Single by Luke Bryan

from the album Kill the Lights
- Released: May 19, 2015
- Recorded: 2015
- Genre: Country-rock
- Length: 3:10 (original version)
- Label: Capitol Nashville
- Songwriters: Dallas Davidson; Chris DeStefano; Ashley Gorley;
- Producers: Jeff Stevens; Jody Stevens;

Luke Bryan singles chronology
| "I See You" (2014) | "Kick the Dust Up" (2015) | "Strip It Down" (2015) |

= Kick the Dust Up =

Single by Luke Bryan

"Kick the Dust Up" is a song written by Ashley Gorley, Dallas Davidson, and Chris DeStefano and recorded by American country music artist Luke Bryan. It was released in May 2015 as the first single from Bryan's 2015 album, Kill the Lights. It is also Bryan's thirteenth number one single, and his tenth consecutive charttopper.

==Release==
Bryan had been playing the song live during the last leg of his That's My Kind of Night Tour and Kick the Dust Up tour. He officially announced the song on May 19, 2015, along with his new album while appearing on The Ellen DeGeneres Show.

==Critical reception==
Shortly after its release, Brian Mansfield of USA Today called the song the song of the week, saying the song "is an all-night party thumper for people who feel penned in by crowded bars with expensive drinks, and need some room to dance — even if it means having to watch where they step."

Other reviews of the song, however, were more negative. Grady Smith of The Guardian gave the song a less favorable review, comparing it to his previous single "That's My Kind of Night," saying it "follows the same derivative party-in-a-cornfield formula that so many other country songs have trodden in the past decade, despite outcry against the glut of dime-a-dozen tailgate tunes. Really, that’s no surprise given that it’s the brainchild of Dallas Davidson, Ashley Gorley and Chris DeStefano – the exact same writers behind "That’s My Kind of Night"." Smith went further to say "There is so little to say about "Kick the Dust Up" because it's hardly a song. It's just a collection of trite phrases about back roads and alcohol that data researchers have determined country consumers are used to hearing on the radio and are thus amenable to hearing again." Kevin John Coyne of Country Universe gave the song an "F", stating that, while he kinda likes Luke Bryan, he "still hated this song before the first twenty seconds were up." He also said that "I keep thinking that there’s no new way to do this same old theme of partying down in the cornfields. Perhaps there’s just no new way to do it well. I’m struggling to remember any of the old ways they did it well, either."

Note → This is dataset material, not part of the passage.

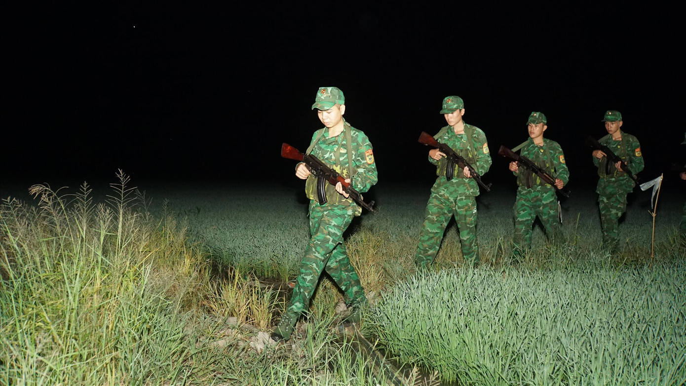 | Cán bộ, chiến sĩ Đồn Biên phòng Vĩnh Nguơn tuần tra biên giới trong đêm. Ảnh: Hòa Hội |
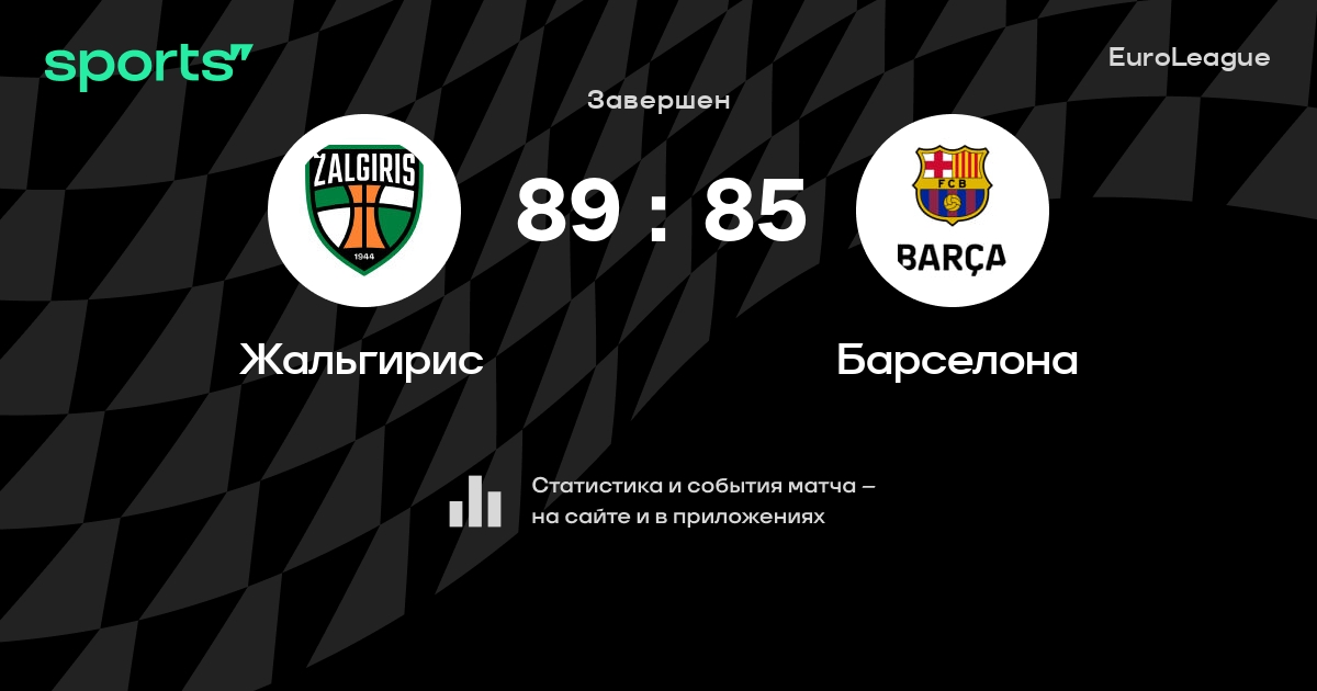 В прошедшем матче в рамках турнира EuroLeague состоялась встреча команд Жальгирис - Барселона в городе Каунас (Литва) на стадионе Жальгирис Арена со счетом 89 : 85.

==Commercial performance==
"Kick the Dust Up" debuted on the Hot Country Songs chart at number 49 the week before its official release. It was the best-selling country music song of the week when it was released for sale, debuting as number one on the Country Digital Songs chart with 127,000 copies sold. It rose to number one on both the Hot Country Songs and Country Airplay charts, and number 26 on the Billboard Hot 100 chart. It reached over a million in sales by November 2015. As of January 2016, the song has sold 1,090,000 copies in the US. It was certified 4× Platinum by Recording Industry Association of America (RIAA) in September 2024.

In Canada, the song rose to a peak position of number one on the Canada Country chart and 15 on the Canadian Hot 100 chart. The song was also Bryan's first entry on the Australian Singles Chart, spending one week at number 98.

==Charts==

===Weekly charts===

| Chart (2015) | Peak position |
|---|---|
| Australia (ARIA) | 98 |
| Canada Hot 100 (Billboard) | 15 |
| Canada Country (Billboard) | 1 |
| US Billboard Hot 100 | 26 |
| US Country Airplay (Billboard) | 1 |
| US Hot Country Songs (Billboard) | 1 |

===Year-end charts===

| Chart (2015) | Position |
|---|---|
| Canada (Canadian Hot 100) | 89 |
| Canada Country (Billboard) | 32 |
| US Billboard Hot 100 | 87 |
| US Country Airplay (Billboard) | 57 |
| US Hot Country Songs (Billboard) | 4 |

==Certifications and sales==

| Region | Certification | Certified units/sales |
| United States (RIAA) | 4× Platinum | 4,000,000^{‡} |
^{‡} Sales+streaming figures based on certification alone.